PEMBROKE, Mass. — You open a letter from the IRS: You are being audited. A shock goes through your body. Your hands begin to shake. The timing couldn’t be worse. You’ve got a half-dozen projects going on. “Why me?” you ask. Then your mind pictures what it would be like to languish in jail.
Don’t panic. An audit doesn’t necessarily mean there is suspicion that you aren’t being forthright. A portion of all business audits are random selections. Furthermore, an audit doesn’t mean that you will have to pay a large bill. About 25% of audits result in dismissal. Satisfy the auditor and you probably won’t be bothered for many years.
Having said that, there could be cause for alarm. If you are deliberately inflating expenses or understating revenue figures, the auditor will seek to discover these untruths. Reducing revenue is considered fraud and could result in criminal prosecution. Overstating expenses is bad, but one could argue that the books were messed up, the bookkeeper was incompetent, that the computer system malfunctioned, or that you just didn’t understand what was required. In other words, it is easier to make a case for overstating expenses than for understating income.
The simplest audit is a correspondence audit. You are asked to clarify one or two issues. Responding with a letter that includes proof backing your position will end the inquiry. Office audits require meeting with an IRS auditor.
Most office audits specify areas of concern. Speak frankly to your accountant or CPA. Together, evaluate the magnitude of the audit. If it is over a few areas, and your books are in order, you might want to handle the matter yourself. If you prefer, your accountant can represent you. Of course, the accountant will want to be paid. Many preparers start their billing at $200 an hour, and that includes preparation time and representation. Any lawyer, accountant or enrolled agent can represent you, providing he/she did the taxes of that year’s return.
“I prefer to do all the talking,” says H&R Block’s Stuart Campbell, a longtime audit representative, “although I involve the client a bit to establish credibility.”
An audit is always conducted at the convenience of the person being audited. You decide whether you want to meet at the auditor’s office, at home, or at your place of business. It mostly depends on how methodical you are.
Organize your records. Make sure you can back up every figure on your tax return.
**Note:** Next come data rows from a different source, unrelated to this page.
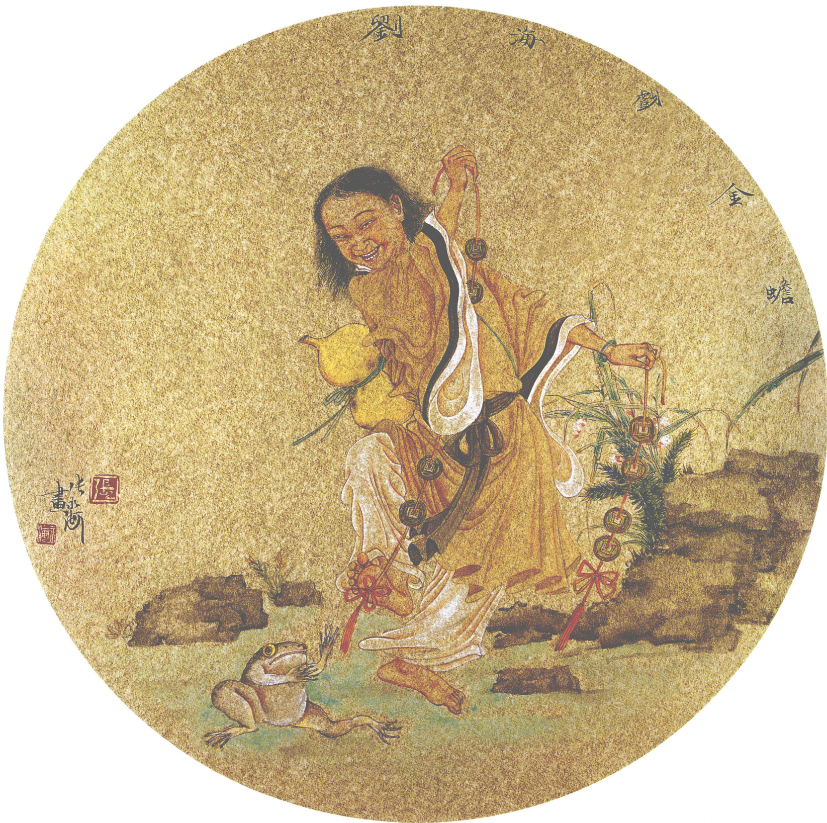
刘海戏金蟾 金笺卡片(45 × 45cm)·2006年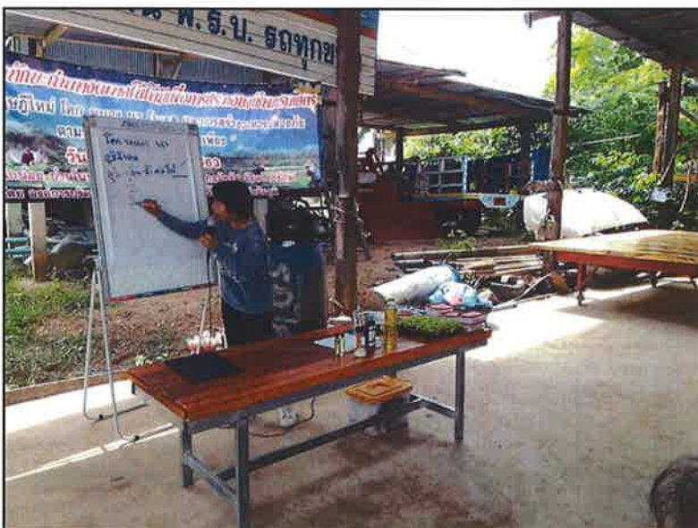
ฟังบรรยายจากวิทยากร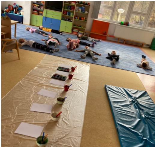
Obrázek 5 – Relaxace a imaginace dětí při druhé aktivitě

That means making copies, updating logs, and putting everything in sequential order. If there is no backup, prepare a written explanation of the deduction. If the books aren’t in order, get them in order. This task involves a lot of work, but it will make you knowledgeable about your situation.
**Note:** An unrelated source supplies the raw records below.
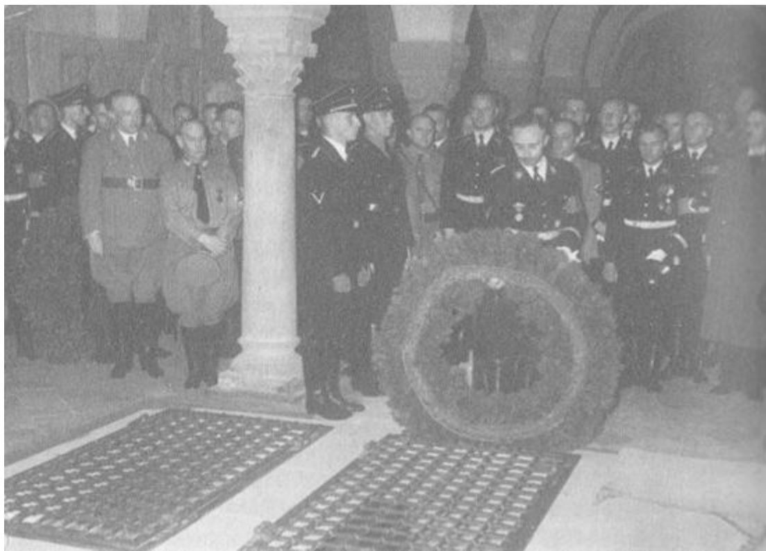
Катедралата в Кведлинбург, 1 юли 1938. Химлер полага венец на гроба на германския император Хайнрих I. Райхсфюрерът на СС вярва, че 1 000 години след смъртта си императорът се превъплътил в него.

- И майка ми не е имала спортен медал, но мисля, че въпреки това станах доста добър германец.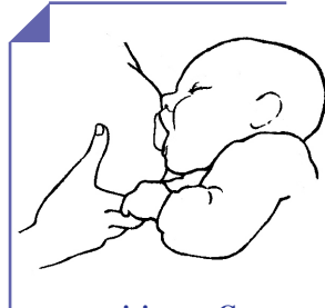
posizione a C

Può essere utile sostenere il seno con la mano a C (pollice sopra l'areola e le altre dita sotto e molto dietro) e stimolare l'apertura della bocca sfiorandola con il capezzolo. Non bisogna forzare il bambino, piegargli la testa verso il seno, aprirgli la bocca a forza con un dito o cose del genere.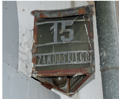
Przedwojenny podświetlany numer domu.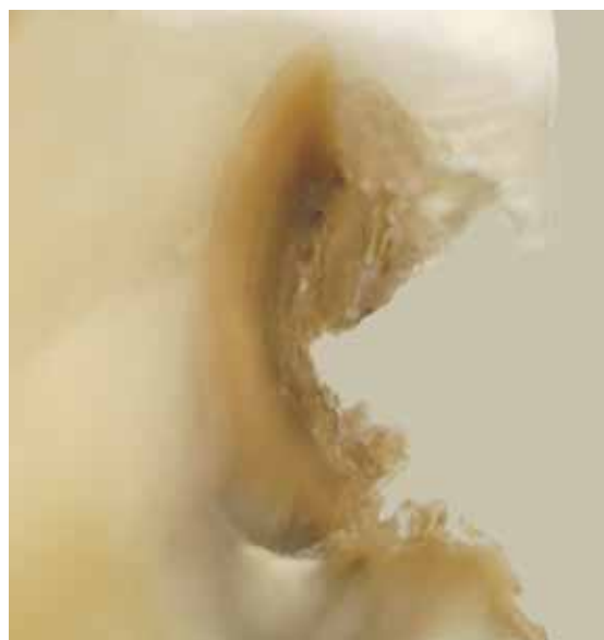
Abb. 7a und b: Fortgeschrittene Dentinkaries und histologischer Querschnitt mit erkennbar verschiedenen Schichten

verlust findet hierbei an der Zahnoberfläche statt, die Schädigung schreitet in das Gewebeinnere fort. An der Oberfläche erfolgt keine Remineralisierung, das heißt die Entmineralisierung vollzieht sich nicht wie bei der Karies primär unterhalb der Oberfläche. Die bakterielle Metabolisierung von Zuckern zu Säuren im Biofilm läuft sehr schnell ab. Der pH-Wert des Biofilms sinkt schon fünf bis sieben Minuten nach dem Verzehr von Zucker ab. Die Neutralisation der produzierten Säure durch den Speichel erfolgt langsamer. Wie man an der sogenannten Stephankurve sehen kann, wird erst nach etwa 45 Minuten ein für den Schmelz unkritischer pH-Wert erreicht. Die Stephankurve kann dazu verwendet werden, dem Patienten den Einfluss der bakteriell erzeugten Säuren auf der Zahnoberfläche zu erklären. Es ist wichtig, dass der Patient den schädigenden Einfluss zuckerhaltiger Zwischenmahlzeiten sowie die Not-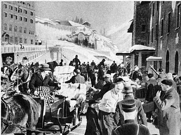
Hochbetrieb am Bahnhof St. Moritz – La Saison à St-Moritz, Engadine

Erste Landung eines Swissair-Grossflugzeuges auf dem neuen Flugplatz Samaden, Oberengadin. Im Hintergrund das Sportflugzeug des Segelfliegers Kronfeld – Premier atterrissage d'un avion Douglas de la Swissair sur le nouvel aéroport de Samaden dans la Haute-Engadine.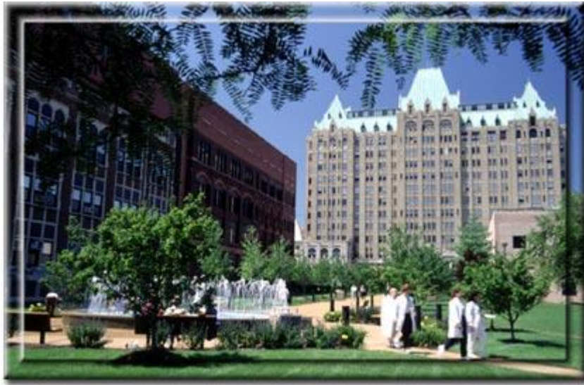
Saint Louis University

پیلەکه وهک له وینهکهی سه رهوه دیاره له دهستی کچهکه دایه به لام نه وان له هه ولی نه وه دان بچوکتیری بکه نه وه چونکه نه مه قه بارهیهکی گه وره ی هه یه.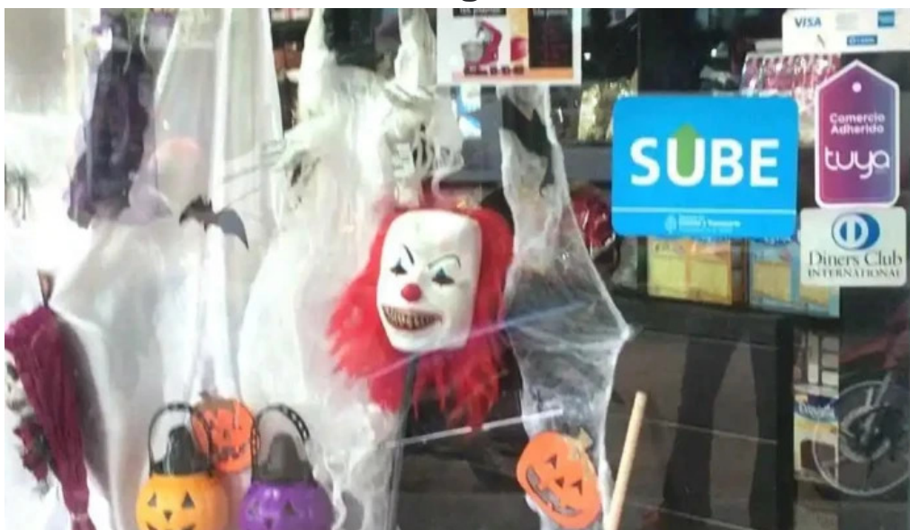
Chocolate cotillon reposteria descartables videos

Do not go into the meeting acting like an angry bull. Remember, you’re dealing with a human being. But at the same time, do not be a fawning sycophant begging for mercy. Be professional and business-like.
Let the facts and figures do the talking. You’ll go over item by item. The auditor might say that an expense is disallowed. Do not argue. Go on with the proceedings.
Let’s consider a few examples. If you have no backup, come up with an explanation of why there is no documentation. For example, you had work done on your front counter, but do not have the receipt because the contractor disappeared after being paid. Suggest that you could try and track the contractor down. The auditor might go along since it is a reasonable expenditure.
If your cost of supplies is way above the regional average, say 15% of revenue vs. the average of 11%, come up with a plausible explanation. Your prices are extraordinary low, which brings up the percentage. You lost a lot of supplies in a basement flood, and you had to replace everything. You believe in high quality, and that pushes up your cost percentage. Formulate an argument that sounds plausible and is hard to reject.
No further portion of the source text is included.